#### [EXERCISE GOAL]
Once you find the line with "2. 🧑‍🔬 The LLM" in the entries below, print it and each line after it up to and including the line with "Ортопедично легло за", exactly, without pictures.

#### [PROVIDED DATA]

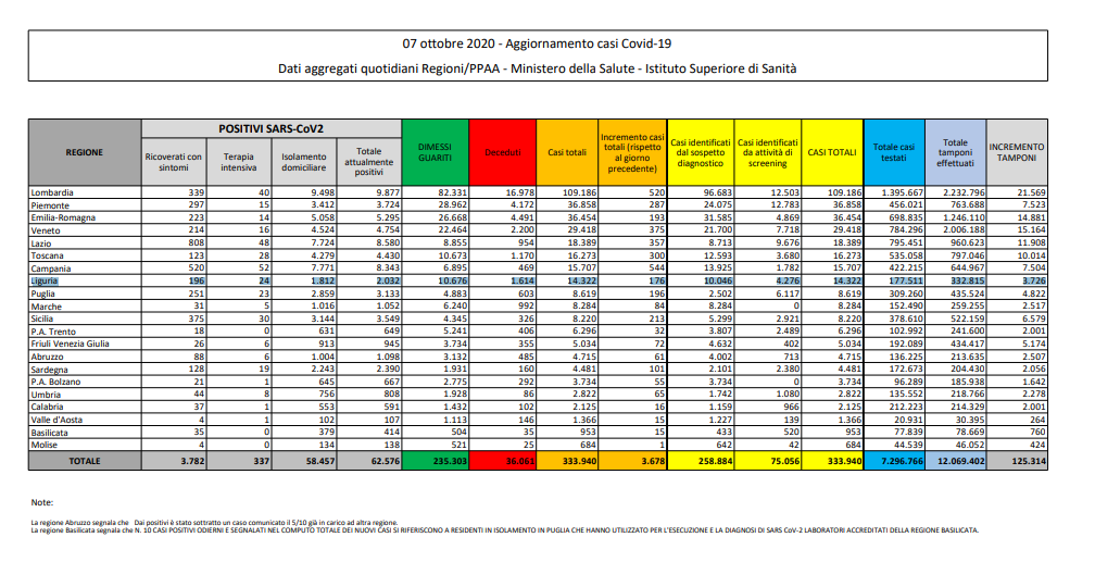 Coronavirus, Italia: il bollettino di mercoledì 7 ottobre
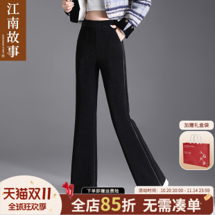 雪尼尔高腰显瘦松紧腰阔腿裤 妈妈黑色长裤 2025春 江南故事
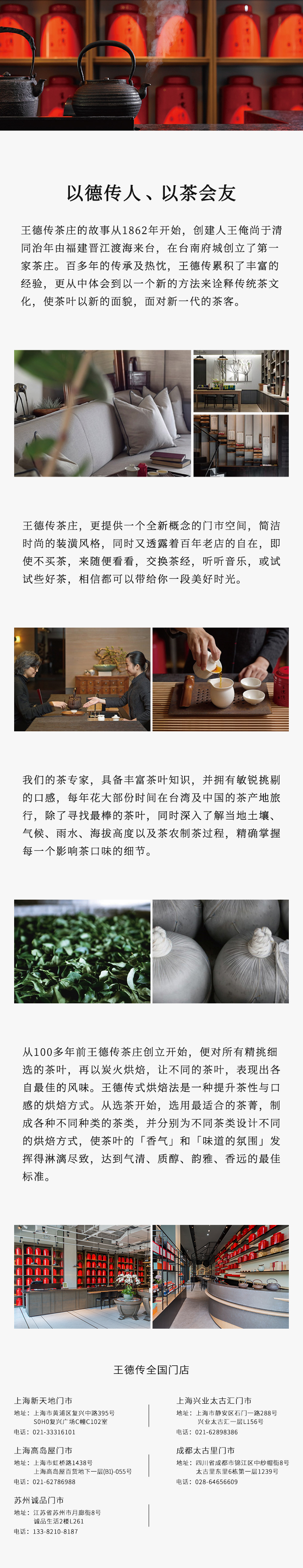 1862年,王俺尚先生从福建来台,在当时台湾的首府—台南,创立了第一家茶庄。百多年的传承及热忱,王德传累积了丰富的经验,更从中体会以新方式诠释传统中国茶,融合中国深厚的文化意涵,使茶叶以崭新面貌,面对
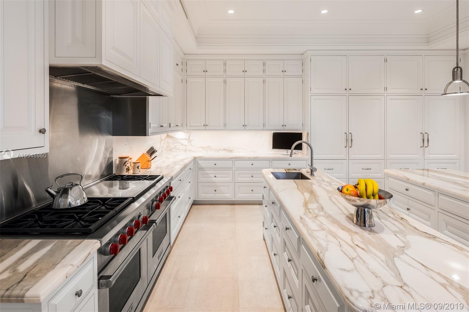 Impeccable waterfront estate located in the heart of Miami Beach on desirable Sunset Island I. This meticulously curated property is the epitome of luxury with 116 ft of waterfrontage, 6 bedrooms, 7 full and 3 half bathrooms, summer kitchen, saltwater pool and spa, and endless water views throughout. Exquisite soaring archways frame large living and multiple dining/entertaining spaces. The gourmet eat-in chef’s kitchen features top of the line stainless steel appliances, double islands and opens into the spacious family room. Enjoy tranquil water views from the master suite complete with hardwood floors, two spacious walk-in closets and serene master bath with dual vanity and soaking tub. Additional features include library/office, 2 car garage and separate guest house.
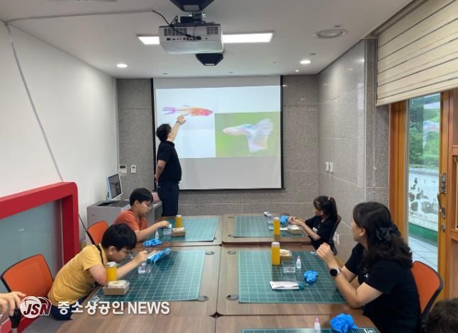 참가자들은 어류 표본을 선택해 투명 병에 담고, 식물성 글리세린을 주입한 뒤 병마개와 키링 고리를 결합하며 완성품을 제작했다.
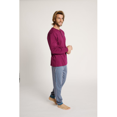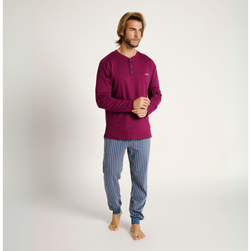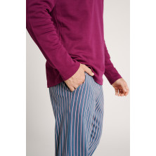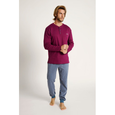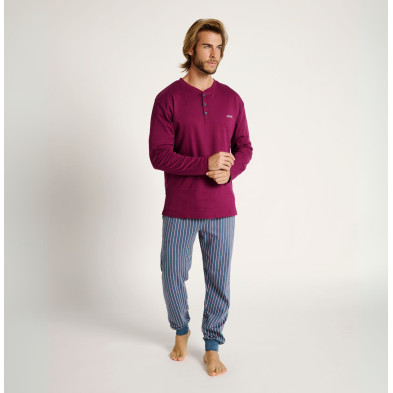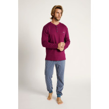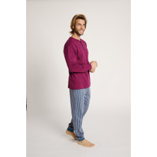 Pijama invierno hombre Muydemi granate pantalón rayas
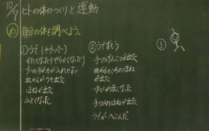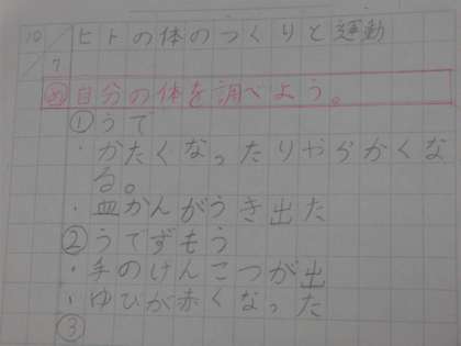しゃがんだり伸びをしたり、いろんなポーズで体のどこがどのようになるか調べて言葉や図で表します。
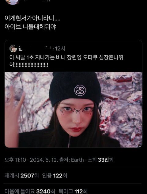 The tweet that started the conversation is below. The post being retweeted is a recent picture of Wonyoung, with the caption, “Ah f*ck, beanie-Jang Wonyoung that came up for 1 second is making my otaku heart f*cking race!!!!!!!!!!!!!!!!!!!!!”
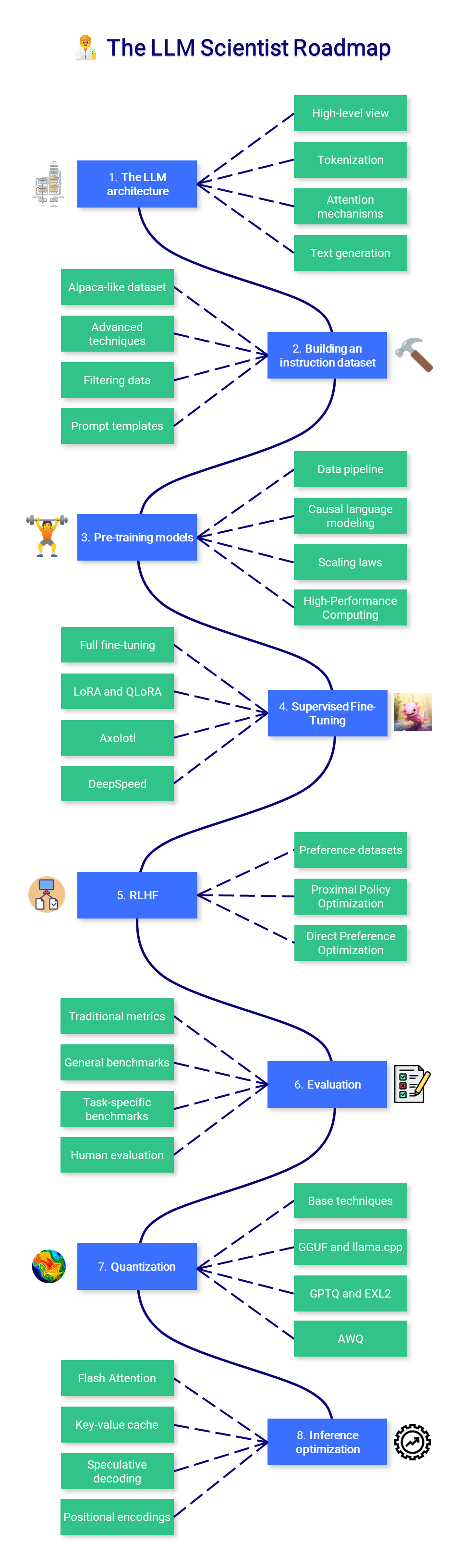 2. 🧑‍🔬 The LLM Scientist focuses on learning how to build the best possible LLMs using the latest techniques
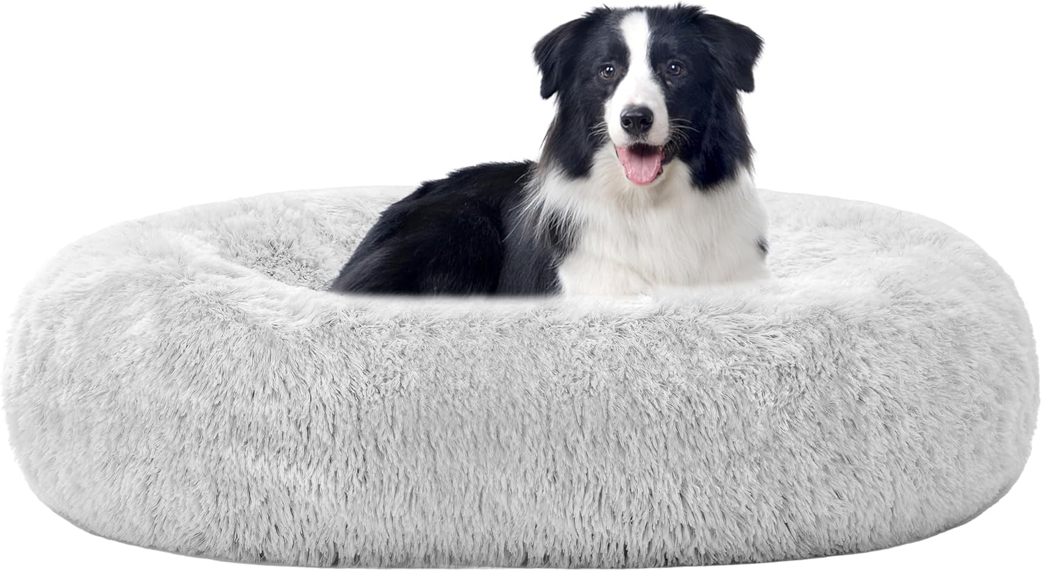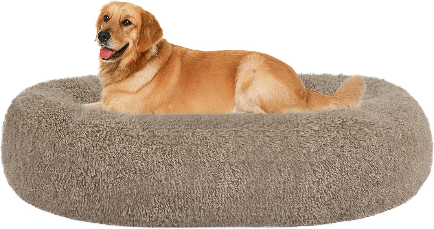 Ортопедично легло за кучета, кръгъл диван за кучета, легло за котки, поничка, кошница за пухкави кучета, може да се пере, диаметър 100 см, светло сиво
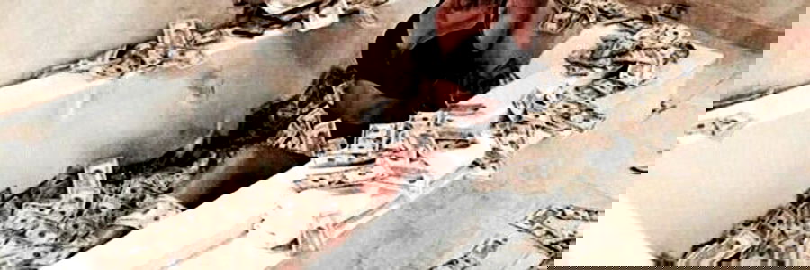 This image appears to be taken from an OnlyFans model's account, showing the model in a bath surrounded by what seems to be cash bills. The content has been filtered out for consistency. It is important to approach such images and content with discretion.
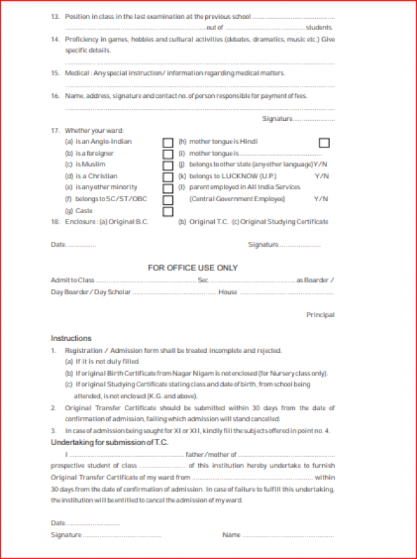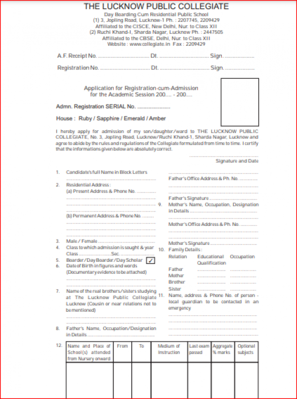 {The Lucknow Public Collegiate, Sharda Nagar Admission form -(Based on Previous Year)}
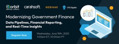 Watch the on-demand webinar to discover how Orbit Analytics empowers public sector organizations with modern data pipelines, robust financial reporting, and intuitive operational dashboards.
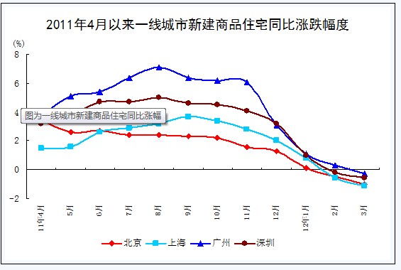 從環(huán)比數(shù)據(jù)看,3月份,70個(gè)大中城市新建商品住宅銷售價(jià)格環(huán)比下降的城市有46個(gè),比2月份增加了1個(gè)。北京、上海、廣州、深圳等一線城市新建商品住宅銷售價(jià)格環(huán)比連續(xù)6個(gè)月下降。東南沿海城市如杭州、寧波、溫州、金華、青島等新建商品住宅銷售價(jià)格環(huán)比降幅也進(jìn)一步擴(kuò)大,環(huán)比降幅分別為4.6%、1.7%、1.1%、4.6%和1.2%,降幅比2月份分別擴(kuò)大4.3個(gè)、1.6個(gè)、0.6個(gè)、4.5個(gè)和1.0個(gè)百分點(diǎn)。3月份,新建商品住宅銷售價(jià)格整體繼續(xù)走低,主要有兩方面的原因,一是開發(fā)商采取“以價(jià)換量”銷售策略較為普遍,二是部分商業(yè)銀行對(duì)首套房貸利率實(shí)施了優(yōu)惠措施。
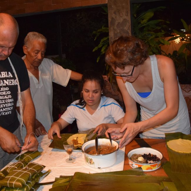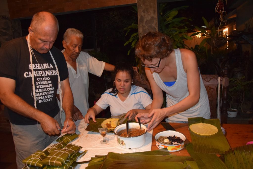 Auch zu den Feiertagen gab es traditionelle Gerichte nur in abgewandelten Versionen. An Weihnachten und Neujahr kocht man traditionell Hallacas. Das ist ebenfalls eine Maismasse, die gefüllt in ein Bananenblatt eingewickelt wird. Die Herstellung wird mit der gesamten Familie zelebriert, und zwischendurch gibt es immer mal Ponche de Crema, eine Art Eierlikör mit Zimt. Ebenfalls probiert haben muss man die Cachapa, einen großen gefüllten Maispfannkuchen, und das Nationalgericht Pabellón criollo.
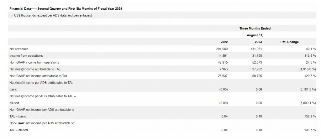 芥末堆文 10 月 26 日,好未来 ( NYSE:TAL ) 公布其截至 2023 年 8 月 31 日的 2024 财年第二季度未经审计财务报告。2024 年 Q2,好未来净收入 4.119 亿美元,上年同期净收入为 2.941 亿美元,同比涨幅为 40.1%。经营利润从上年同期的 1489.1 万美元上升到 3179 万美元,同比涨幅为 113.5%。
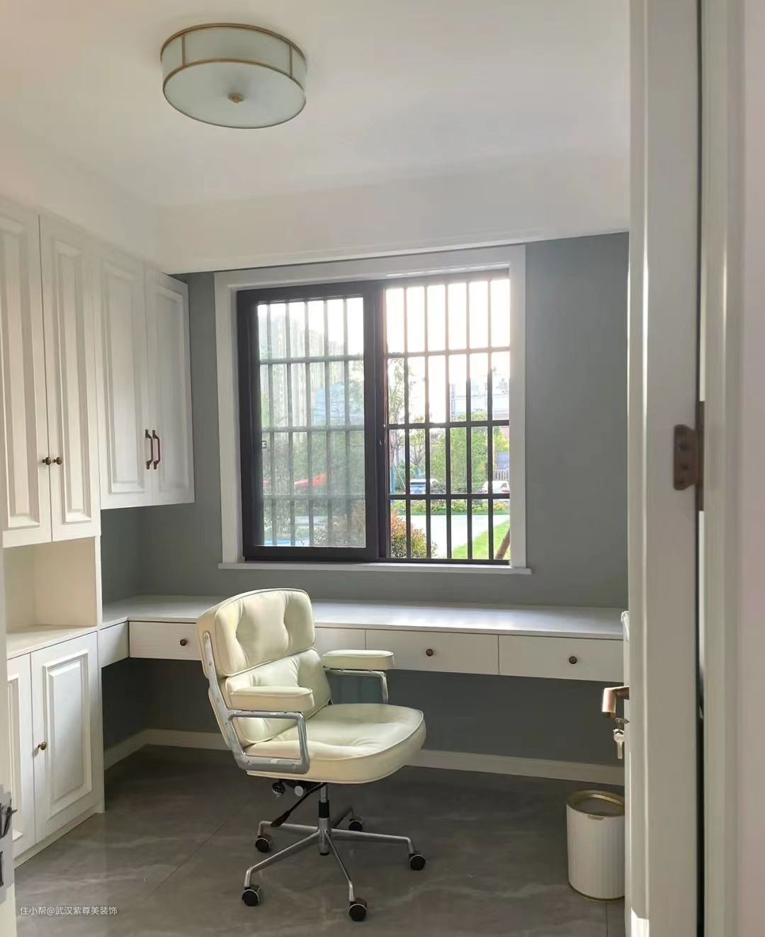 书房一侧做了整面的收纳柜,靠窗设计双人书桌,可以学习也可以办公
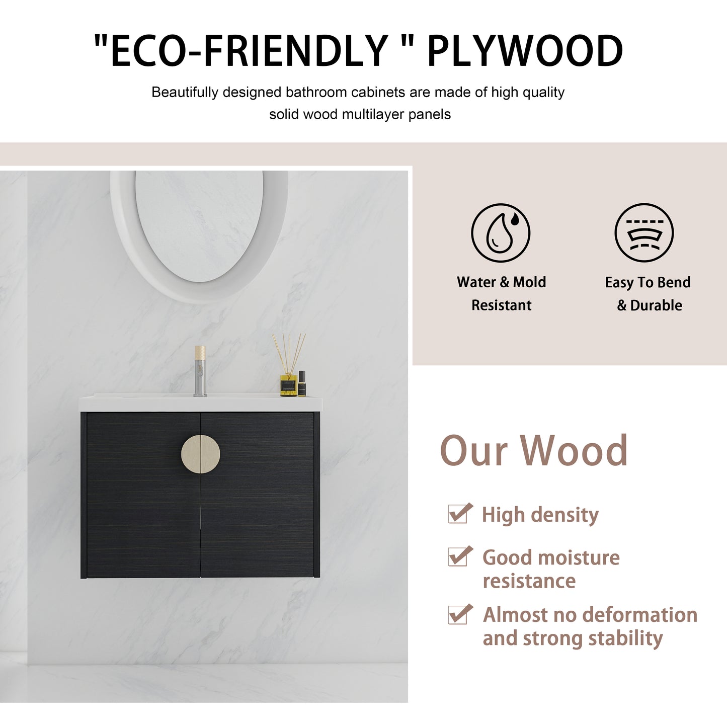Constructed with durable plywood and finished with scratch and water-resistant melamine, this vanity withstands moisture and humidity, making it suitable for any bathroom environment. The ceramic basin is crafted for a smooth surface that is easy to maintain.
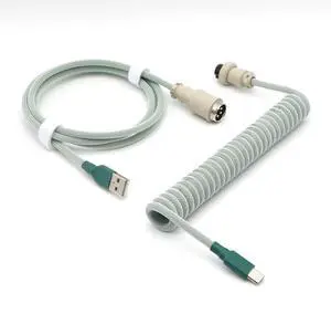 KCSJXF Pro Coiled Keyboard Cable, Double-Sleeved Mechanical Keyboard Cable with 5Pin GX16 Aviator, 1.2m USB A to USB Type C (Light Green)
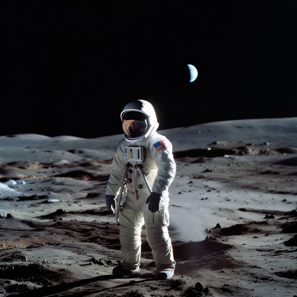 Apollo mission, Earth view, Moon, NASA, astronaut, astronaut suit, barren terrain, celestial body, cosmic, extraterrestrial, human achievement, low gravity, lunar landscape, lunar surface, moonwalk, outer space, science, scientific endeavor, space exploration, space travel

#### [TASK RESPONSE]
 2. 🧑‍🔬 The LLM Scientist focuses on learning how to build the best possible LLMs using the latest techniques
 Ортопедично легло за кучета, кръгъл диван за кучета, легло за котки, поничка, кошница за пухкави кучета, може да се пере, диаметър 100 см, светло сиво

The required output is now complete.